Make Your PowerPoints Pop!

If you’re like me, you prepare a lot of PowerPoint presentations. I’ve been creating slide presentations for nearly 20 years. In that time I’ve learned a few things about how to make presentation slides useful and stimulating.

I won’t say my slides are works of art — I know they’re not. And for the first decade of my business career they were pretty boring. They were almost all text!   But over the years I’ve learned a few things about how to keep them functional, simple, yet visually stimulating.  Here are a few things I’ve learned:

Use an image at least every-other slide — Nothing is more boring than a slide presentation consisting of an unrelenting sea of text!   Images “open up” your slides and draw the viewer in.  Images stimulate our right brain (intuitive / creative side) while words stimulate our left brain (analytical side).  Thus, you give your slides more sensory appeal by including an image (or chart) on every slide — or at the very least, on every other slide.

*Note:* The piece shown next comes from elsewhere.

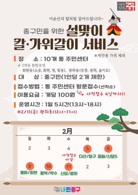 중구민이라면 누구나 이용료‘100원’만 내면, 칼과 주방 가위를 합쳐 1인당 최대 두 자루까지 갈 수 있다. 칼갈이를 이용하려면, 2월 4일까지 동 주민센터로 방문해서 신청해야 한다. 하루 최대 120자루까지 접수받는 만큼, 서둘러 신청하는 것이 좋다.
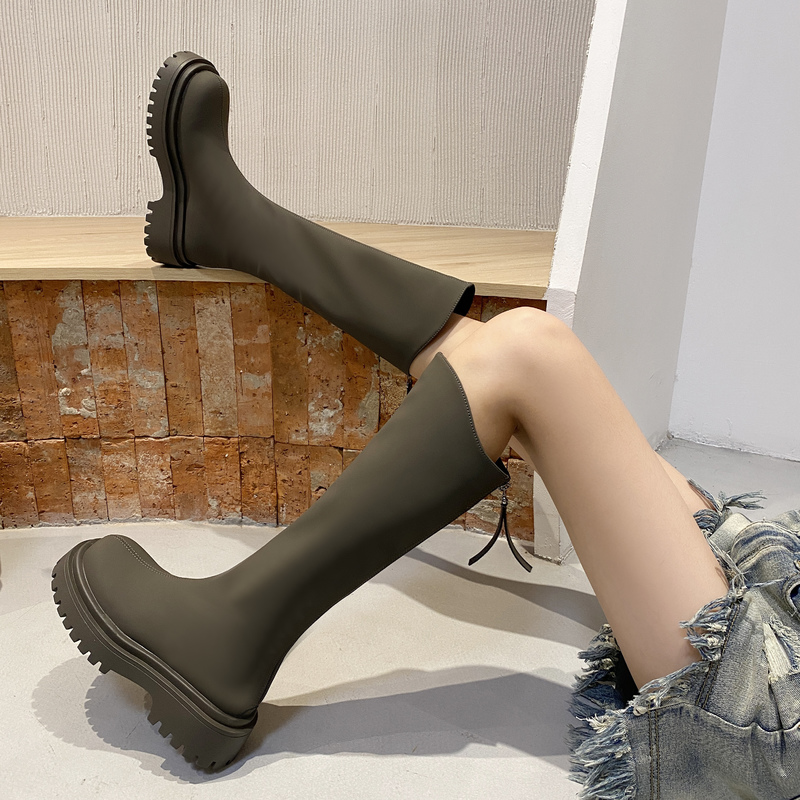女靴子靴子韩版潮时尚保暖防滑长靴圆头粗跟

Keep background images muted — I prefer plain backgrounds on my slides because they are easier to read — either white or another light color.  As a matter of personal preference, some people prefer a background image on slides, with text superimposed on top.  But a background that is too distracting will compete  for attention with the text over top it.  Then the slide simply becomes annoying. For example, imagine trying to read text superimposed over top of the following image:

I deliberately left in the Veer watermark so that you can see exactly how difficult reading text can be over top of a detailed image.  With all the detail and contrast — the word is difficult to spot, isn’t it?  Imagine trying to read bullet point after bullet point on top of a background like that.

Contrast that with starting with a muted image, perhaps a swirl or texture without a lot of contrast. Then make the image transparent so that it competes even less with the text. The following is an example of a muted texture image you might use for a background, that would not be nearly as distracting to read text over, as the nuts and bolts image above:

Use an image to balance a block of text next to it — A simple way to add images is to insert a relevant image either to the left or right side of a short block of bullet points.  The general size of the text should be balanced by the image.  This technique is easy for business people to do, because it doesn’t require advanced skills with graphics, yet it adds visual interest quickly to slides.  It works really well using stock photographs.  Awesome Presentations has a simple example of an image used to balance a block of text.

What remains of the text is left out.